There are two reasons why the experimental results are greater than 1 5

First, the cork of the bottle is not quickly tightened after igniting the red phosphorus, resulting in the gas in the bottle expanding due to heat and escaping from the mouth of the gas collection cylinder.

The second is that the spring clamp is not tightened, and the gas temperature in the bottle rises and expands when the red phosphorus is burned, and a part of the gas will escape from the catheter.

This theoretically cannot be 2 5 of the volume of air, there may be two kinds: there is water inside the reagent bottle before the reaction, which you calculate as part of the water level ** that sucks after the reaction; Another possibility is airtightness.
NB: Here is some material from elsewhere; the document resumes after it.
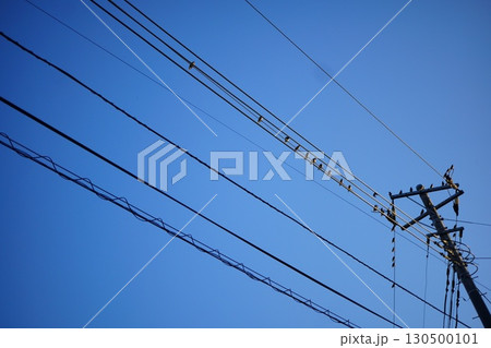 澄んだ青空に伸びる電線と並んでとまる小鳥たちのシルエット風景

Since you said that the air tightness is good, then such an obvious error must be the first error of experimental operation.

Therefore, the most effective way to prove this is to repeat the test, and the conclusion will be verified naturally.

It's possible that the gas expands when it is heated and you put it in the water before it cools, so that some of the water is produced by the expansion of the gas.

Is it included a small amount of water that is added to the gas collection cylinder before burning? Generally speaking, the water in this experiment is less than one-fifth, and it is difficult to achieve one-fifth.

It's possible that you didn't wait until the cylinder was completely cooled before opening the water stop, so the air inside the cylinder was heated and expanded! It's also possible that your spring clips aren't tightened!